There were evidences of "improvement"--a few
acres of ground immediately about the house had
once been cleared of its trees, the decayed
stumps of which were half concealed by the new
growth that had been suffered to repair the ravage
wrought by the ax. Apparently the man's zeal for
agriculture had burned with a failing flame,
expiring in penitential ashes.
The little log house, with its chimney of sticks,
its roof of warping clapboards weighted with
traversing poles and its "chinking" of clay, had
a single door and, directly opposite, a window.
The latter, however, was boarded up--nobody could
remember a time when it was not. And none knew
why it was so closed; certainly not because of
the occupant's dislike of light and air, for on
those rare occasions when a hunter had passed
that lonely spot the recluse had commonly been
seen sunning himself on his doorstep if heaven
had provided sunshine for his need. I fancy
there are few persons living to-day who ever
knew the secret of that window, but I am one,
as you shall see.
The man's name was said to be Murlock. He was
apparently seventy years old, actually about
fifty. Something besides years had had a hand
in his aging.
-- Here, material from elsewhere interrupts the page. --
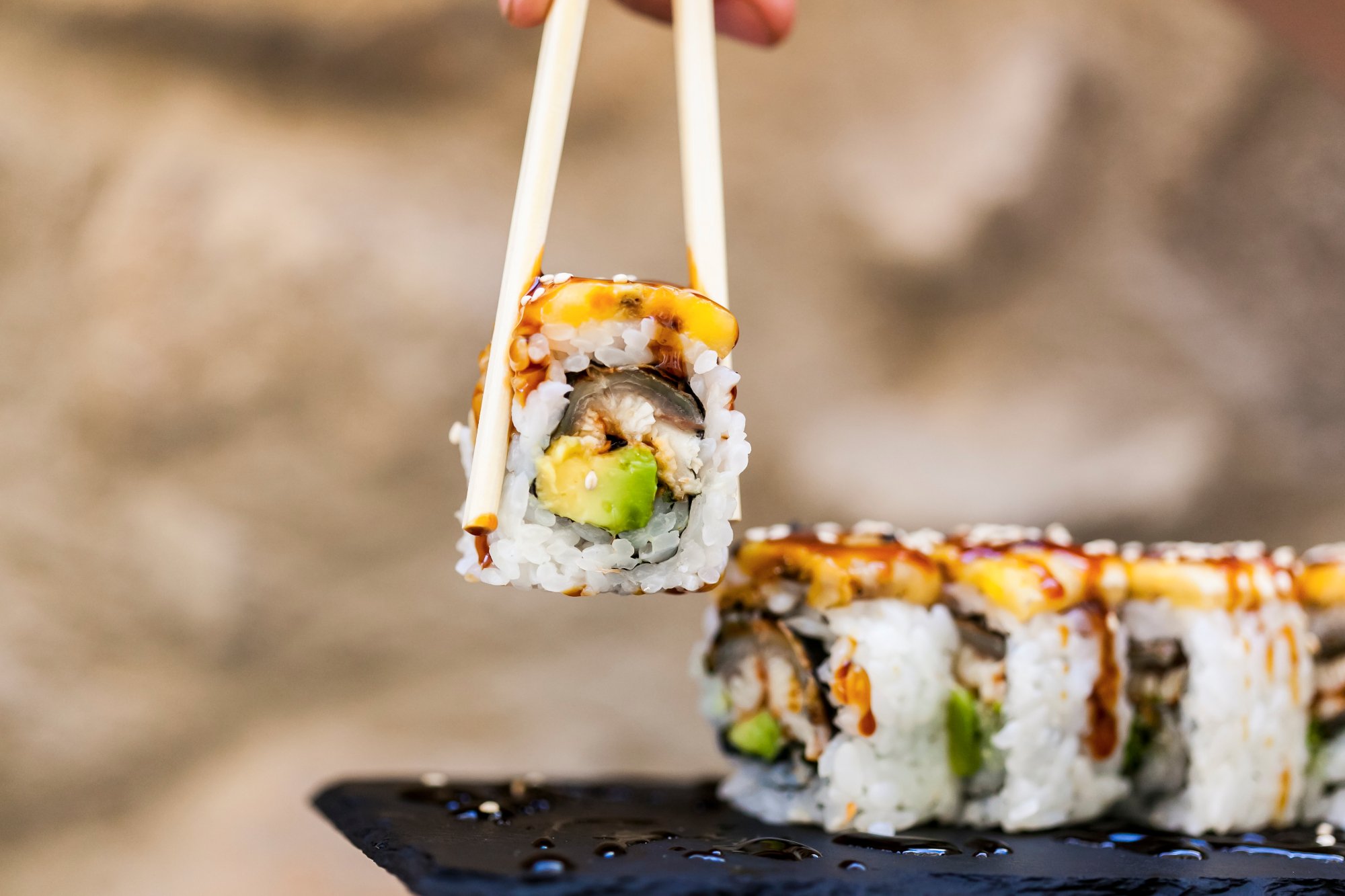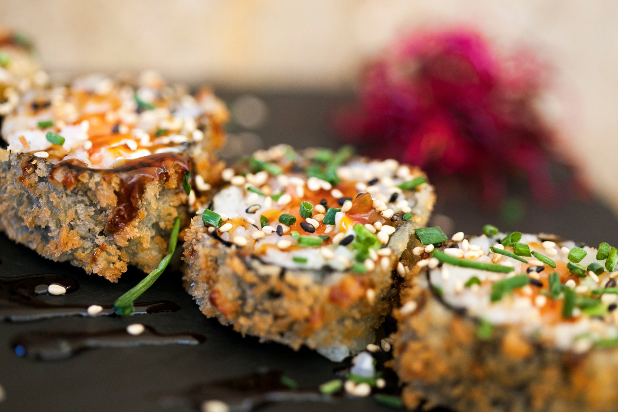 Restaurante de cocina japonesa especializado en sushi tradicional y también  creativo. Decoración moderna con mobiliario de madera,  detalles en azul turquesa y un luz cálida que da intimidad.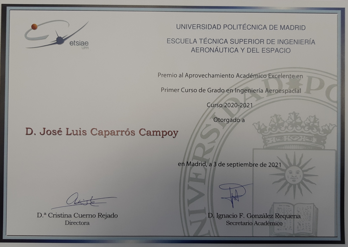 Siempre resulta importante para nuestra Institución dar difusión de la actividad, iniciativa y logros de nuestros actuales y antiguos colegiales. En este caso es el turno de hablar de D. José Luis Caparrós Campoy, colegial de 2do año del Jaime del Amo. El pasado viernes 3 de septiembre José Luis, quien cursa 2do año en Ingeniería Aeronáutica y del Espacio en la Universidad Politécnica de Madrid (Oficial), recibió el Premio al Aprovechamiento Académico Excelente por ser el mejor promedio de calificaciones de su promoción durante el curso 2020-2021.

His hair and long, full beard
were white, his gray, lustreless eyes sunken,
his face singularly seamed with wrinkles which
appeared to belong to two intersecting systems.
In figure he was tall and spare, with a stoop
of the shoulders--a burden bearer. I never saw
him; these particulars I learned from my
grandfather, from whom also I got the man's
story when I was a lad. He had known him when
living near by in that early day.
One day Murlock was found in his cabin, dead.
It was not a time and place for coroners and
newspapers, and I suppose it was agreed that
he had died from natural causes or I should
have been told, and should remember. I know
only that with what was probably a sense of the
fitness of things the body was buried near the
cabin, alongside the grave of his wife, who had
preceded him by so many years that local tradition
had retained hardly a hint of her existence.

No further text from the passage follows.